Separate fasta file for each locus
1
0
Entering edit mode
5.5 years ago
NM • 0

Greetings all,

I'm currently working on a molecular ecological study and have a fasta file containing both alleles for 50 loci from 8 individuals. Some of the programs I want to use require a separate fasta file for each locus, and I'm trying to find a way to group the data into files based on their catalog locus ID.

My data currently looks like this:

    >CLocus_2857_Sample_8_Locus_15367_Allele_0 [Test_1]  
AATTCGCGGTGGGGCTCTACAGGCAGCAGAATCCCTTCAGCACCCAGCCCAGGGCTGCCCTGGAGAAGGTCTGGATGTGCAGTGAATGAGATGGGGCCACAAGAAATGTGAGCTGAAGTCACGGGATGGATCCTCAGGCTGC
    >CLocus_2857_Sample_8_Locus_15367_Allele_1 [Test_1]  
AATTCGCGGTGGGGCTCTACAGGCAGCAGAATCCCTTCAGCACCCAGCCCAGGGCTGCCCTGGAGAAGGTCTGGATGTGCAGTGAATGAGATGGGGCCACAAGAAATGTGAGCTGAAGTCACGGGATGGATCCTCAGGCTGC
    >CLocus_2886_Sample_0_Locus_62236_Allele_0 [Test_2]  
AATTCAGTGTGGTGGTCTTCCTGGACTGGGTCACGGCCTTTTTTTGTGGGATGCACGTGTGCTTTGTGTGTTTGTGTGTGACCAAAAGCTAAATTAATTGGAAAATGAGTCTGTACTGTTTTGCAAATATGTTAAATGATGT
    >CLocus_2886_Sample_0_Locus_62236_Allele_1 [Test_2]  
AATTCAGTGTGGTGGTCTTCCTGGACTGGGTCACGGCCTTTTTTTGTGGGATGCACGTGTGCTTTGTGTGTTTGTGTGTGACCAAAAGCTAAATTAATTGGAAAATGAGTCTGTACTGTTTTGCAAATATGTTAAATGATGT

Where the number 'CLocus_X' is what I want to group them by.

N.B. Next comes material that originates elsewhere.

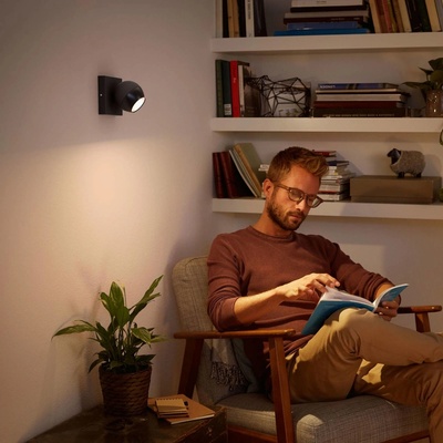 DODÁVÁNO BEZ DÁLKOVÉHO OVLADAČE - rozšiřující kit! Bodové svítidlo Philips Buckram v černém provedení z kolekce inteligentního osvětlení Philips Hue vkusně osvítí Váš obývací...

I think the answer lies with using the awk tool, but my attempts so far have been clumsy and unsuccessful - I'm new to scripting, and stumped. I've found similar answers on here, but nothing that handles .fasta files with the same syntax.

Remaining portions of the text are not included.